I never worry that my careful intrusions will force a relocation. What I do believe happens is that over time the deer will adjust his behavior to account for mine. If you suspect this is happening to you, the solution is to predict again how he does it. Quite often those deer will hunt you and you become an obstacle to be avoided. You can set up to exploit that obstacle the same as any other, and you've narrowed his range at the same time. With time and experience that plan B stand will be as obvious as A was.

The place where that buck can resume his direct path travel is the plan B location. It doesn't have to be a funnel or a saddle more often it's just a strip of cover within cover that heads in the right direction.

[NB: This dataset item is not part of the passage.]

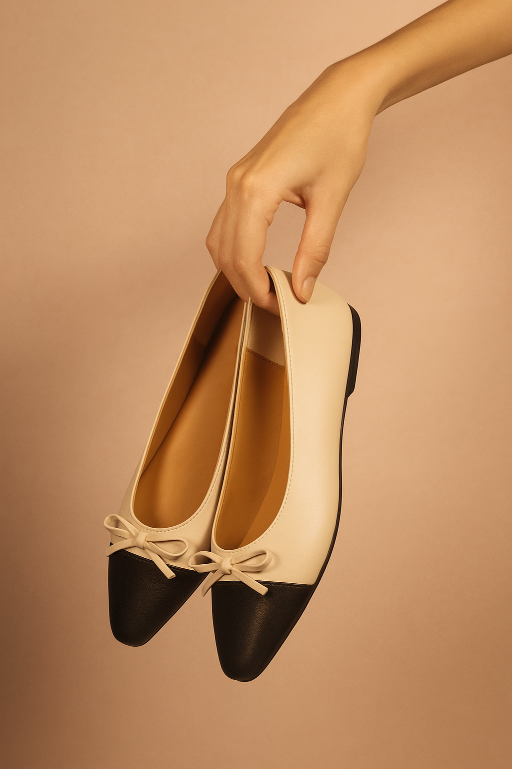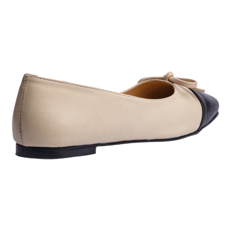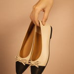 Ballerina para dama en diseño bicolor maquillaje con punta negra, un estilo clásico que nunca pasa de moda. Su silueta refinada con detalle de moño en la parte frontal aporta un toque femenino y elegante, ideal para quienes buscan comodidad sin renunciar al estilo.

I also look for short cuts even in thin or bare areas that allow him to quickly resume his direct line of travel. Even if he only passes through there at night it's worth considering because day and night don't matter as much during the peak of the rut. My least favorite time to hunt due to it's unpredictability.

I avoided responding to this thread because 1 you already got a lot of good advice and 2 it's hard to keep it short. I'm out of time this morning so I'll stop and maybe be able to follow up later if need be.

My advice is to be aggressive whenever you can, don't be afraid to make mistakes as you gain experience and always try to understand what you are and aren't seeing. You'll see patterns that are predictable, remember the details and the locations and try to find the same detail elsewhere.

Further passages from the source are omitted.